Stored entries:
• • • •
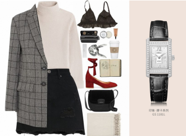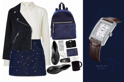 柔和的针织打底与牛仔短裙减少了整体的中性感,搭配风格时尚,气韵优雅的银表GS1181L,标榜出众夺目又高雅迷人的女性魅力!
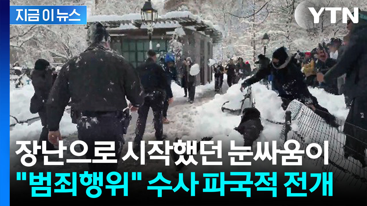 미 동부 시간 23일 오후 4시쯤 맨해튼 워싱턴 공원에서 소란을 피우는 사람들이 있다는 신고가 들어와 출동한 경찰관들이 눈덩이에 맞으면서 현장은 혼란스러워졌습니다.
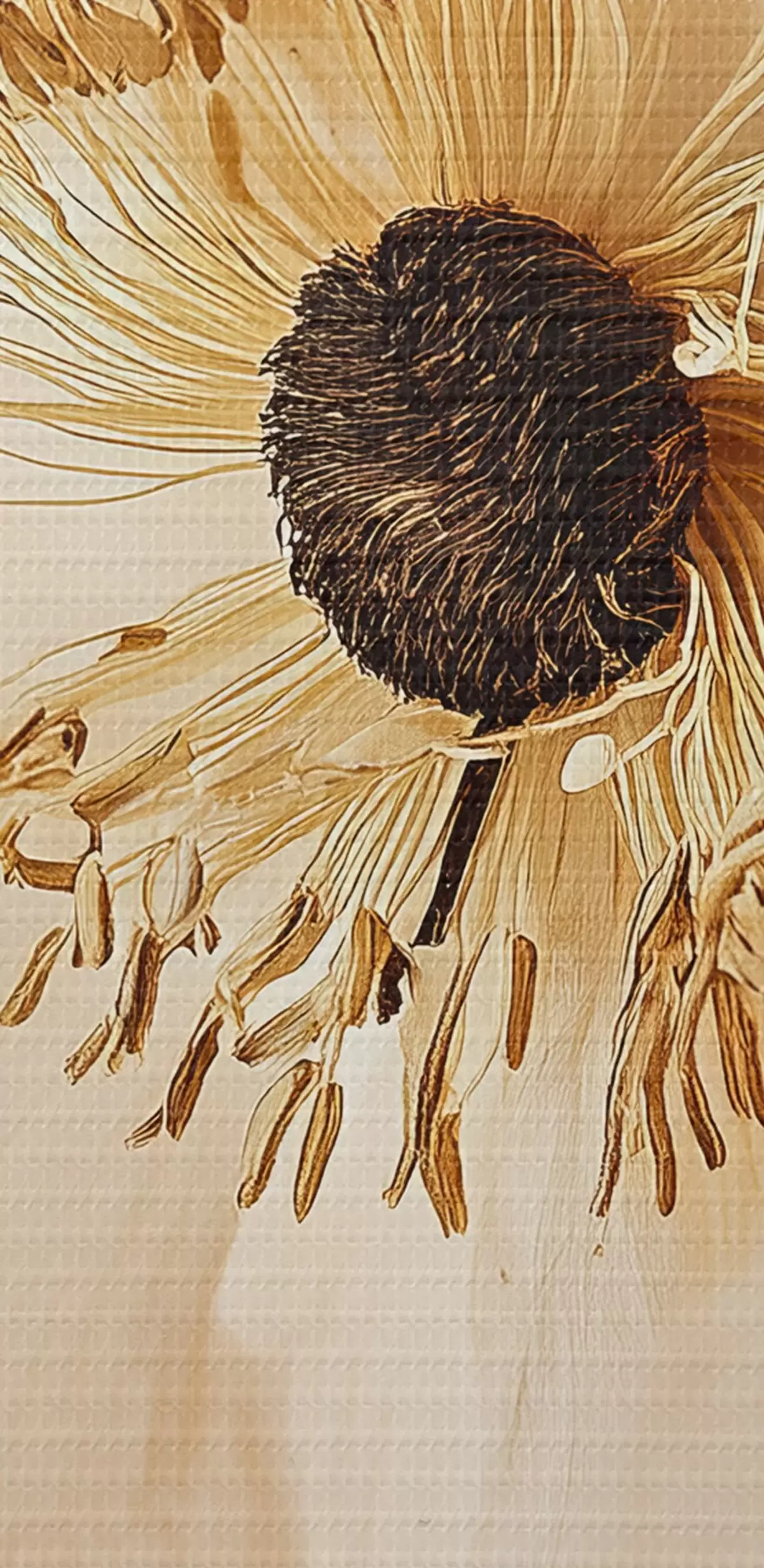 Smalkais diegu pinums uz šī audekla atgādina profesionālu mākslinieku audeklu virsmu.
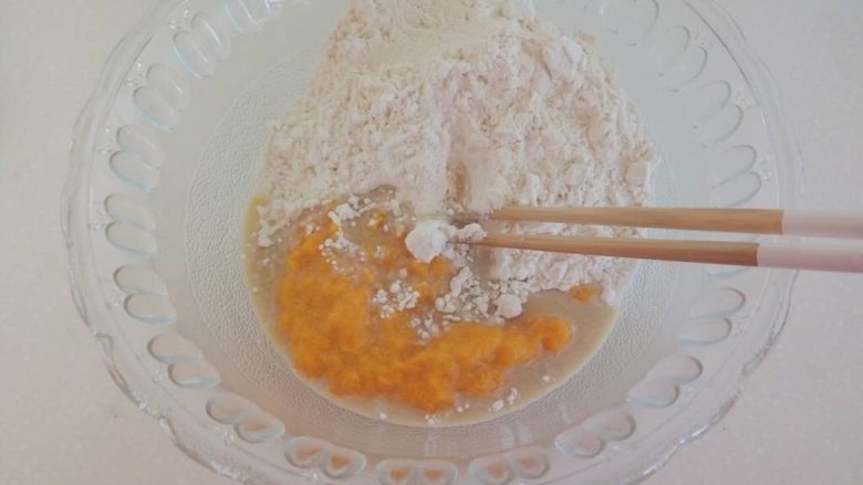 7. 南瓜泥倒入玻璃碗中,加入100克面粉,加入酵母水。
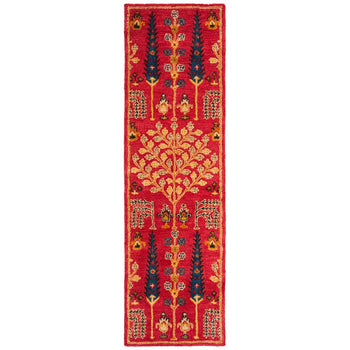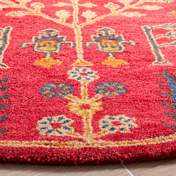 Whether nestled under a cozy seating arrangement or making a statement in your entryway, this RED / MULTI round area rug is a versatile addition to classical and contemporary interiors alike. Experience the blend of artisanal craftsmanship and opulent design with this must-have decor centerpiece.
• • • •
REQUIREMENT:
Set down every entry exactly; omit the pictures.

ANSWER SECTION:
 柔和的针织打底与牛仔短裙减少了整体的中性感,搭配风格时尚,气韵优雅的银表GS1181L,标榜出众夺目又高雅迷人的女性魅力!
 미 동부 시간 23일 오후 4시쯤 맨해튼 워싱턴 공원에서 소란을 피우는 사람들이 있다는 신고가 들어와 출동한 경찰관들이 눈덩이에 맞으면서 현장은 혼란스러워졌습니다.
 Smalkais diegu pinums uz šī audekla atgādina profesionālu mākslinieku audeklu virsmu.
 7. 南瓜泥倒入玻璃碗中,加入100克面粉,加入酵母水。
 Whether nestled under a cozy seating arrangement or making a statement in your entryway, this RED / MULTI round area rug is a versatile addition to classical and contemporary interiors alike. Experience the blend of artisanal craftsmanship and opulent design with this must-have decor centerpiece.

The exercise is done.